* Exercise
In the listing below, find the line with "この裏金問題で岸田政権の支持率は低落傾向に拍車がかかった。" and copy every line from there up to and including the line with "Falda de cola", exactly and without pictures.

* Materials provided
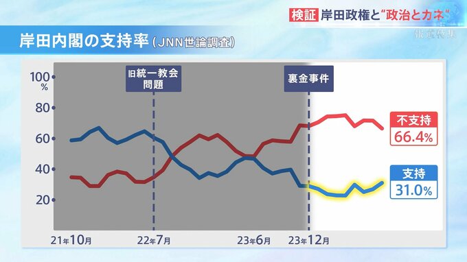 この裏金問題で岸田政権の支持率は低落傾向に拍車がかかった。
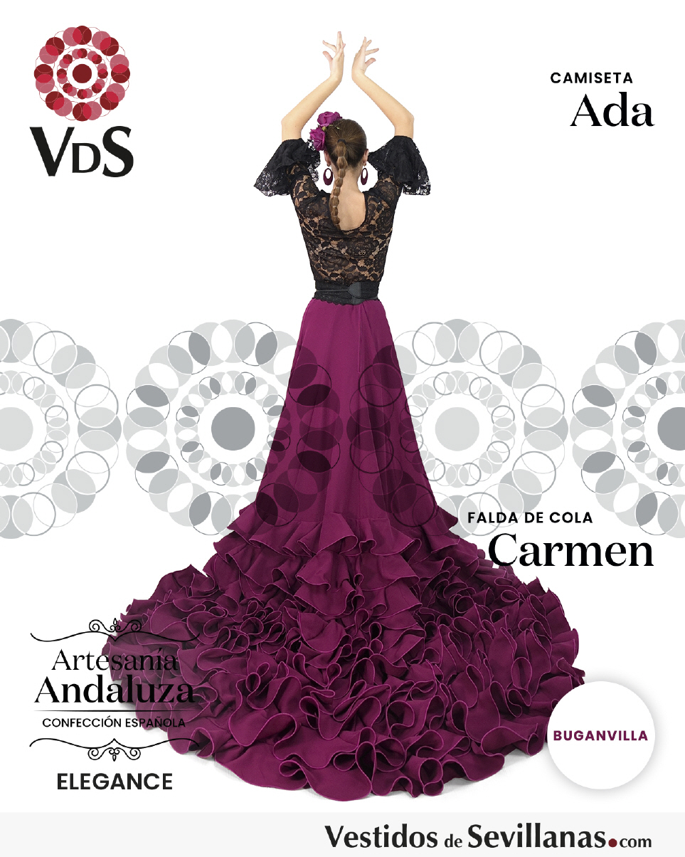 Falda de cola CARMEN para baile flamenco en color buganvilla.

...

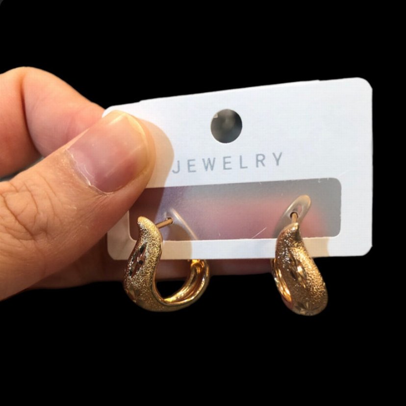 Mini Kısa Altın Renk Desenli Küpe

* Response for this exercise
 この裏金問題で岸田政権の支持率は低落傾向に拍車がかかった。
 Falda de cola CARMEN para baile flamenco en color buganvilla.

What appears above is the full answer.